The research at USDA’s National Agricultural Statistics Service (NASS) is focused on developing improved methods for meeting NASS’s mission to provide timely, accurate, and useful statistics in service to U.S. agriculture. Examples of the wide-ranging, current research projects will be discussed. One of these projects will be explored in more depth.

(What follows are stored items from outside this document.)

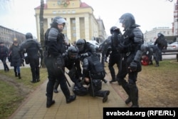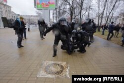 Свидетелем жестких массовых задержаний стал корреспондент Радио Свобода: экипированные бойцы бросали людей на землю, невзирая на возраст и пол, избивали дубинками, стараясь попасть в голову, а затем затаскивала в автозаки. Задержания продолжались не только на всем протяжении проспекта Независимости, спецназовцы спускались в подземные переходы, в метро, откуда вытаскивали новых пленников.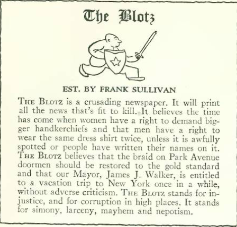 …where we find the latest edition of Frank Sullivan’s satirical newspaper, The Blotz, which occupied a two-page spread (excerpt below)…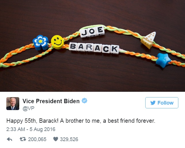 조 바이든 부통령은 자신의 트위터 계정을 통해 "55번째 생일을 축하한다. 나의 영원한 친구여"라는 글을 남기며 오바마 대통령의 생일을 축하했다. 바이든 부통령은 그의 이름 '조(Joe)'와 오바마 대통령의 이름 '버락(Barack)'이 새겨진 팔찌 사진을 게재하며 우정을 과시했다.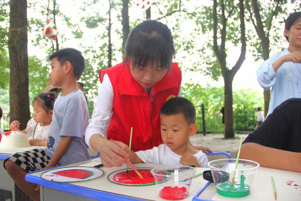 团队成员化身最美志愿者参与第三届“双塘小学西瓜丰收节”,协助完成西瓜采摘搬运的前期准备工作,还全程负责现场以西瓜为主题,圈圈套西瓜、西瓜接力比赛、吃西瓜比赛等互动性极强的游戏环节。欢笑声此起彼伏,让在场的所有人沉浸在欢乐的海洋里。“你们这个队伍真是不错!”团队成员耐心细致地组织引导、踏实肯干的积极表现获得了学校老师一致赞扬。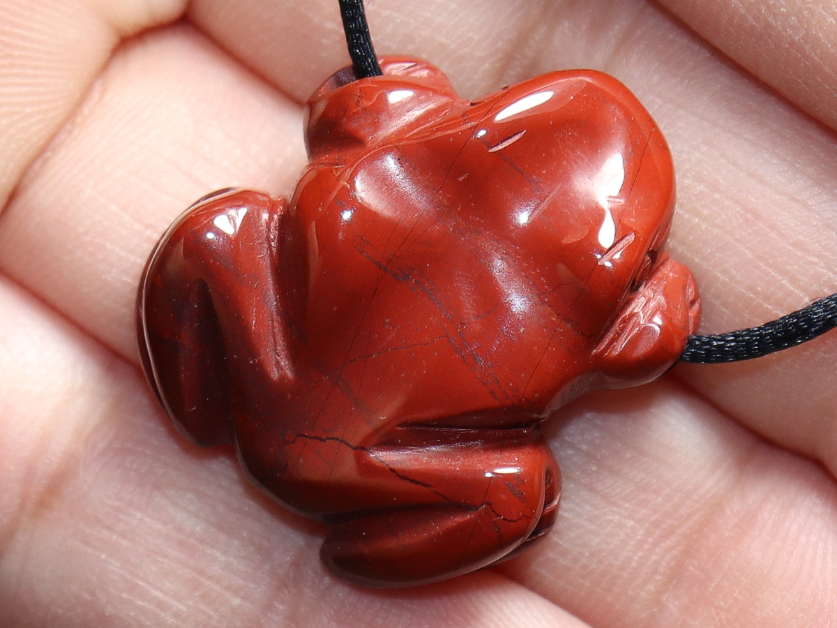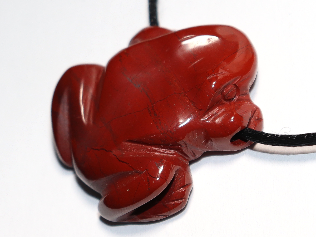 Die Halskette mit dem Frosch aus rotem Jaspis wird nach Ihren Angaben individualisiert. Sie haben die Wahl zwischen einem schwarzen Band mit einem Verschluss aus Edelstahl oder einer Kette aus Silber 925.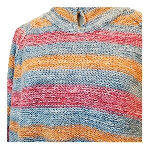Colorful striped pullover sweater that features horizontal stripes in a vibrant color palette including coral/salmon pink, blue-gray, orange, and cream tones.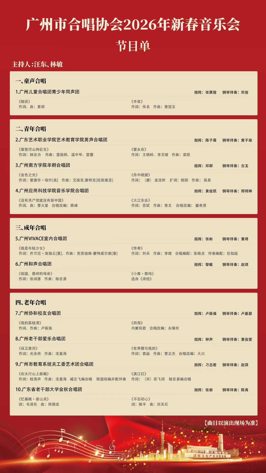 本次音乐会是广州合唱领域的一场高规格艺术盛会,舞台呈现与专业配置均体现行业高水平。演出阵容涵盖童声、青年、成年、老年等各年龄段合唱团体,汇聚了来自专业院校、职业团队及老年大学等多类艺术群体,生动展现了合唱艺术的广泛包容性与感染力。
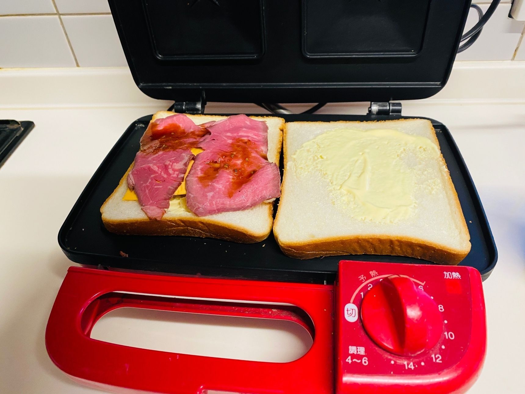「超熟」パンにローストビーフを挟んでホットサンドにして栄養補給!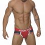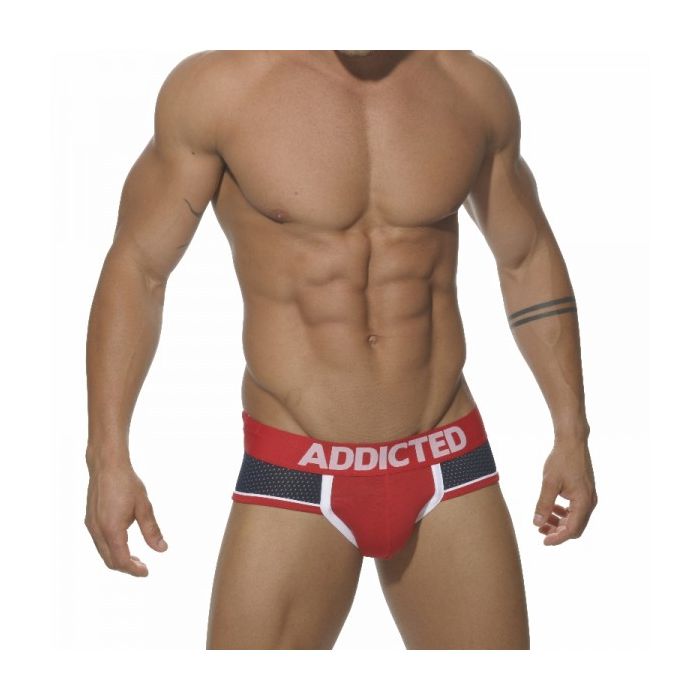 De AD191 Mesh Brief van Addicted is door zijn materialen combinatie een must-have voor iedere zelfverzekerde man. Hij is rondom gemaakt van elastische semi-transparante mesh stof, welke ademend is en een lust voor het oog. De pouch is gemaakt van katoen zodat draagcomfort wordt gegarandeerd. Door de bijzondere kleurencombinaties kan de AD191 Mesh Brief zomaar jouw favoriete underwear worden. Deze AD191 Mesh Brief heeft als hoofdkleur Navy Blauw. De tailleband met het Addicted logo erop, de pouch en de zomen rondom de benen zijn gemaakt in de kleur Rood. Als extra accent zijn er ook nog witte zomen rondom de pouch aangebracht. Verdere verkrijgbare kleuren zijn Zwart, Rood en Wit.- Type: Brief / Slip

NASS maintains a list frame of all known farms and potential farms in the United States (US). Although extensive effort is made to keep this list as complete as possible, not all farms are on the NASS list frame. The farms in the emerging sectors of agriculture, including urban, organic, and local foods farms, tend to be smaller, more transient, more dispersed, and more diverse than the traditional farms in the rural areas of the US. They are also less likely to be on the NASS list frame. For the 2012 Census of Agriculture, NASS used capture-recapture methods to account for not only the undercoverage of the NASS list frame but also for nonresponse and misclassification for its Census of Agriculture. The two capture-recapture samples were the respondents from (1) the NASS list frame and (2) the June Agricultural Survey (JAS) sample drawn from the NASS area frame. A challenge with using the area frame for the second sample is that the types of farms that are often not well covered by the NASS list frame tend to be sparse in the JAS sample. Thus, NASS has been evaluating the use of web-scraped list frames as a second frame from which a sample could be drawn within a capture-recapture framework to assess undercoverage for not only the census but also for surveys. The projects that have been conducted in this area as well as a large feasibility study that is now underway will be presented. The assumptions underlying these methods and their validity will be discussed. Open questions will be highlighted.